After years of building frontend applications across e-health and e-learning products, I've sat in enough sprint reviews to notice a pattern: QA test cases are written the same way every time. Happy path first, a handful of negative cases if the deadline allows, edge cases if the tester has seen that bug before.
The process is repetitive, experience-dependent, and the first thing to get cut when a release is running late.
So I started experimenting — feeding acceptance criteria directly to an AI and asking for a complete test suite. Here's an honest account of what works, what doesn't, and what it actually changes about the process.

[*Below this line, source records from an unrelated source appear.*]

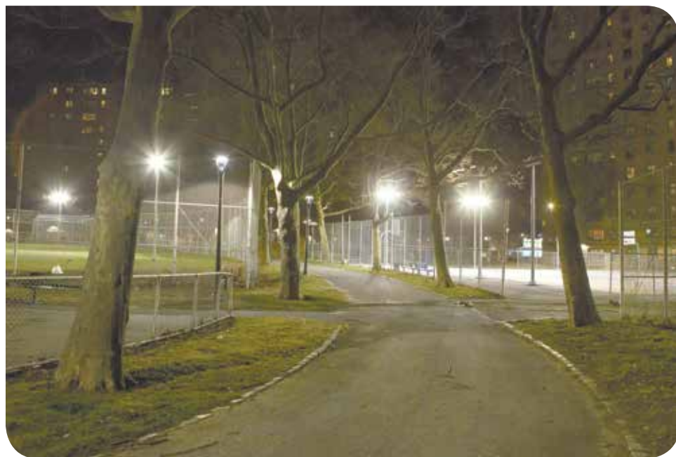
La nueva iluminación en Castle Hill Houses en el Bronx ha ayudado a los residentes a sentirse más seguros al caminar por su residencial por la noche.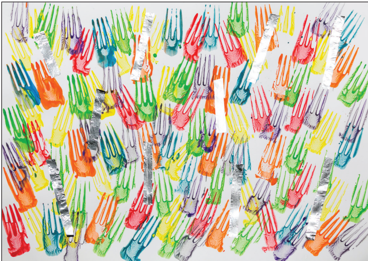
4.5 Krtek Vítek a ohňostroj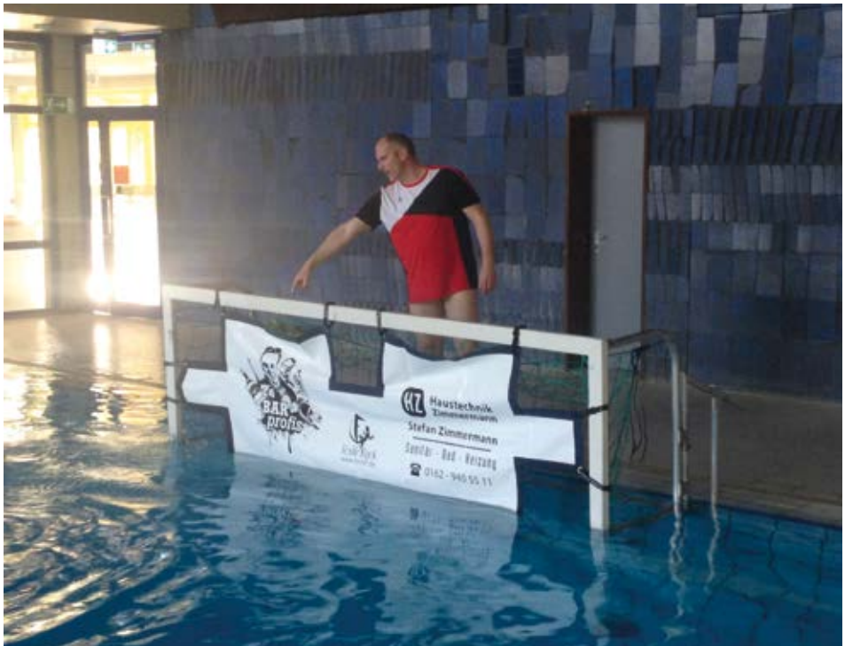
Immer wieder eine Herausforderung: Wer trifft die Schwachstellen eines jeden Torwarts?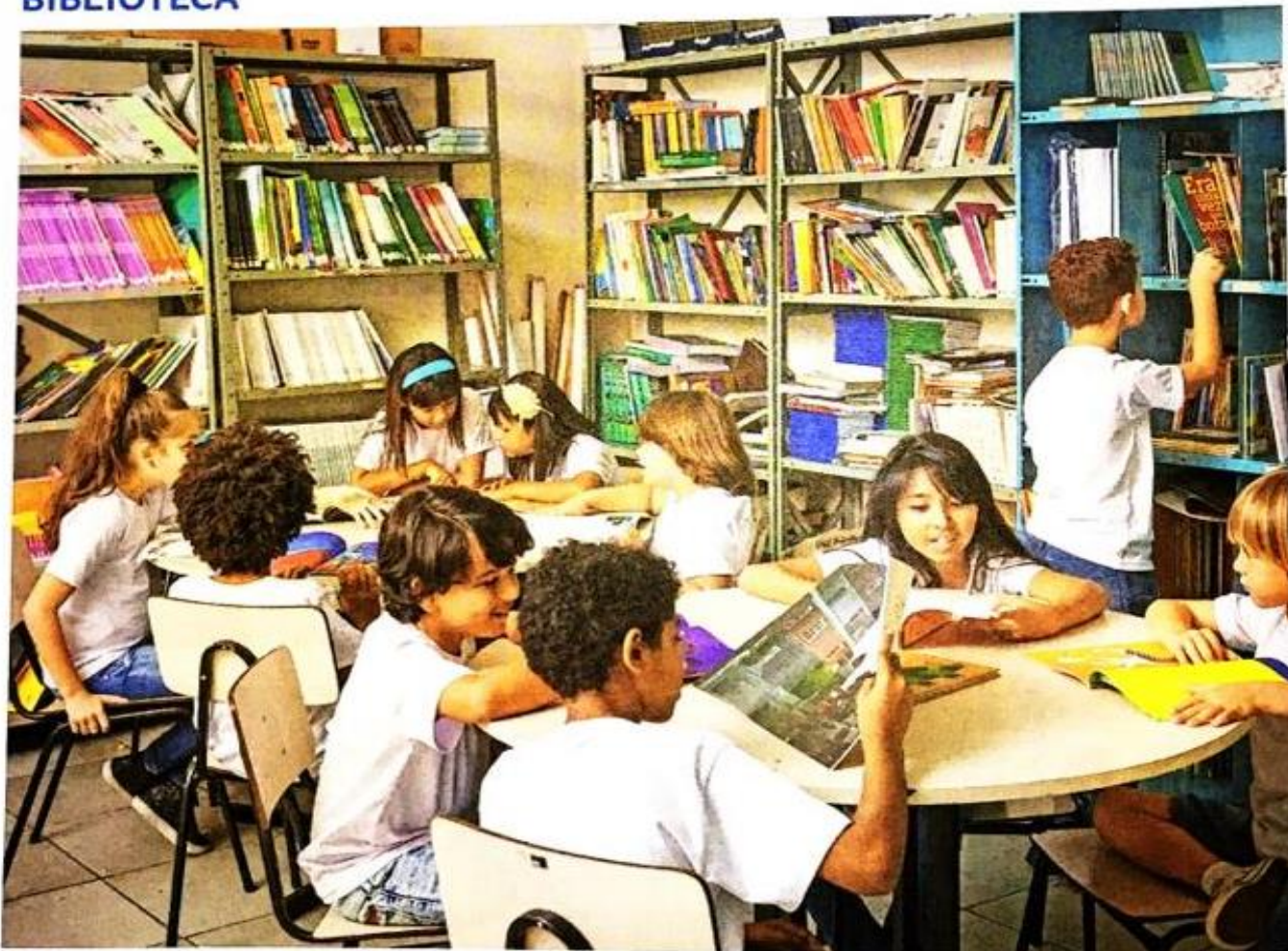
ALUNOS NA BIBLIOTECA, EM ESCOLA ESTADUAL NO MUNICÍPIO DE SÃO PAULO, NO ESTADO DE SÃO PAULO, EM 2017.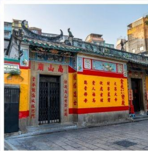
วัดเปากง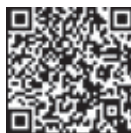
「なおして!アルプちゃん」 Android用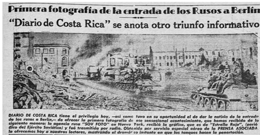
Figura 13 RUSOS ENTRAN A BERLÍN Diario de Costa Rica , 28-04-1945, 1.

La agencia rusa “SOY FOTO” en Nueva York, recibió la gráfica, que es de “Estrella Roja”, (periódico del ejército soviético) y fue transmitida por radio. Obtenida por servicio especial aéreo de la PRENSA ASOCIADA [y agregaban que] la ofrecemos hoy a nuestros lectores, mostrando el dramático instante en que los tanques hacen su penetración ( Diario de Costa Rica , 28-4-1945, 1) (Figura 13).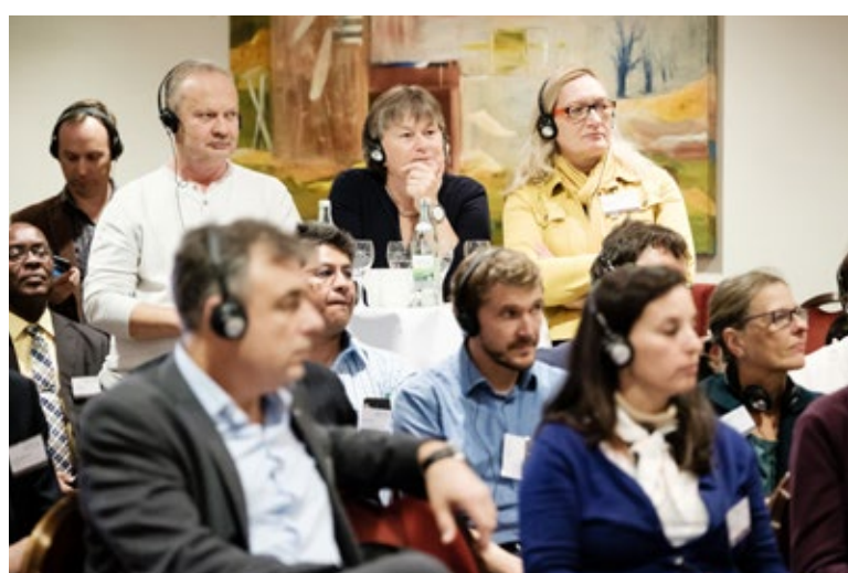
Parte del público de la sesión plenaria.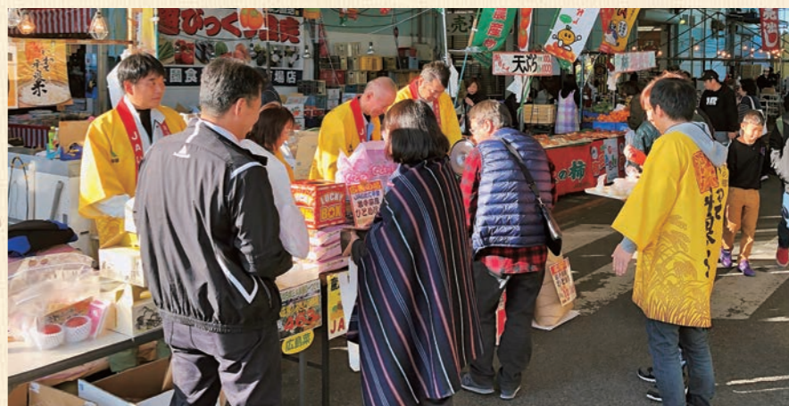
コロナ禍以前に実施した販促応援の様子

令和3年12月8日に農林水産省より公表された岩手県の作況指数は「103」の「やや良」となりました。米の主要産地においても豊作基調となっています。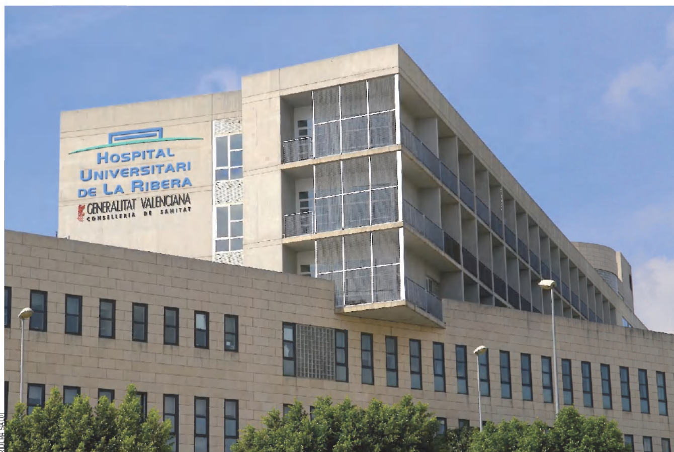
L'hospital de la Ribera, a Alzira, és gestionat per l'empresa Ribera Salud.

What the AI gets right immediately
The output quality on structured coverage is genuinely impressive. Given clear acceptance criteria, the AI will produce happy path cases, negative scenarios, boundary conditions, and precondition states faster than any manual process — and it won't skip the boring ones.
It also structures the output consistently: steps, expected results, preconditions. That consistency alone has value when you're maintaining a growing test library across releases.
Where it falls short
The AI has no knowledge of your system beyond what you give it. It doesn't know that your application handles an unauthenticated empty cart differently from an authenticated one, or that a particular field has a known edge case from three sprints ago.
More critically: vague acceptance criteria produce vague test cases. With a human tester, ambiguity triggers a question. With an AI, it triggers a confident but incorrect assumption. If your requirements only describe the happy path, the generated test suite will skew heavily toward the happy path.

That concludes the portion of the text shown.